>> (Thursday) Film Showing: IN THIS WORLD
Friday, January 23, 2009 - 09:02 PM
KEEPING IT REEL! QPIRG-Concordia’s Subversive Cinema Series (January-April 2009)
feature film: IN THIS WORLD
by Michael Winterbottom
(director of
“The Road to Guantanamo" and the upcoming
“The Shock Doctrine”)
THURSDAY, JANUARY 29, 7pm
1455 de Maisonneuve West, H-110
(metro Guy-Concordia)
IN THIS WORLD follows the hazardous journey of two Afghan boys as they travel from Pakistan through Iran, Turkey, Italy, France and the UK in search of refuge in London. A moving and dramatic story that reveals the desperate measures people take to escape persecution and the life-threatening conditions they find themselves in along the way. (2003; 88 minutes; subtitles in English).
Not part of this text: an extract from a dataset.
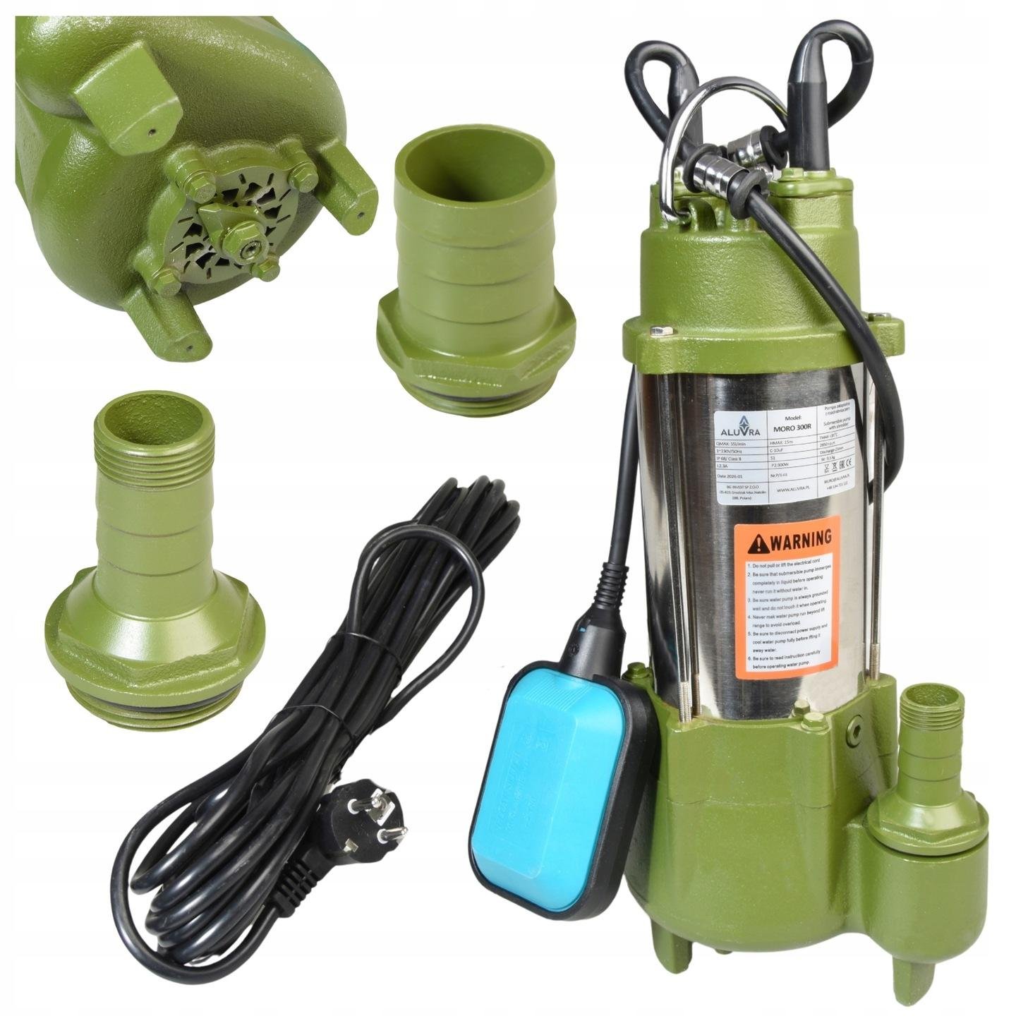 Pompe Immergée MORO 300R avec Broyeur 300 W, 3300 l/h, 15 m - pour Eaux Chargées et Eaux Usées - Pompe Vide-Cave pour Fosse Septique et Eaux

The feature film will be preceded by a short film about local migrant justice struggles in Montreal, and followed by a discussion period involving local migrant justice groups.
Info: 514-848-7584 – info@qpirgconcordia.org - www.qpirgconcordia.org
Welcome to all. FREE. Wheelchair accessible.
Upcoming films in the Subversive Cinema Series:
- February 12:
FLOW: For the Love of Water (2008 award-winning documentary)
- March 18:
P4W: Prison for Women (NFB classic film); followed by special guest speaker Anne Hansen (former inmate at the Kingston Prison for Women)
- April 15:
AMERICAN OUTRAGE (2008 award-winning film about indigenous sovereignty)
All showings at 1455 de Maisonneuve Ouest, H-110 at 7pm. Feature films are preceded by a short film. More info below about upcoming films (click on title to read more).
Wednesday, February 11, 7pm
theme: water
feature film:
FLOW: For the Love of Water
Award-winning 2008 documentary by Irina Salina
FLOW (For the Love of Water) is a documentary investigation into what experts label the most important political and environmental issue of the 21st Century - The World Water Crisis. FLOW builds a case against the growing privatization of the world's dwindling fresh water supply with an unflinching focus on politics, pollution, human rights, and the emergence of a domineering world water cartel. Interviews with scientists and activists intelligently reveal the rapidly building crisis, at both the global and human scale, and the film introduces many of the governmental and corporate culprits behind the water grab, while begging the question "Can anyone really own water" (2008 release; 93 minutes)
Wednesday, March 18, 7pm
theme: women, prison, justice & direct action
feature film:
P4W: PRISON FOR WOMEN
followed by special guest speaker: Anne Hansen (former inmate at Kingston’s Prison for Women; and author of “Direct Action: Memoirs of an Urban Guerrilla”)
P4W: Prison for Women is a shattering look at love and isolation in the most desperate of places. The film centres on five women inmates - their stores, their relationships and their lives - inside Canada's only Prison for Women in Kingston, Ontario. The complex fabric of this invisible community is revealed through the use of interviews, monologues and powerful verité sequences. (Canada, 1980, 90 minutes)
Wednesday, April 15, 7pm
theme: indigenous sovereignty
feature film:
AMERICAN OUTRAGE
Two elderly Western Shoshone sisters, the Danns, put up a heroic fight for their land rights and human rights. AMERICAN OUTRAGE asks why the United States government has spent millions persecuting and prosecuting two elderly women grazing a few hundred horses and cows in a desolate desert? (2008 release, USA, 55 minutes)
[All feature films preceded by a short film, and followed by a discussion period involving working groups of QPIRG-Concordia.]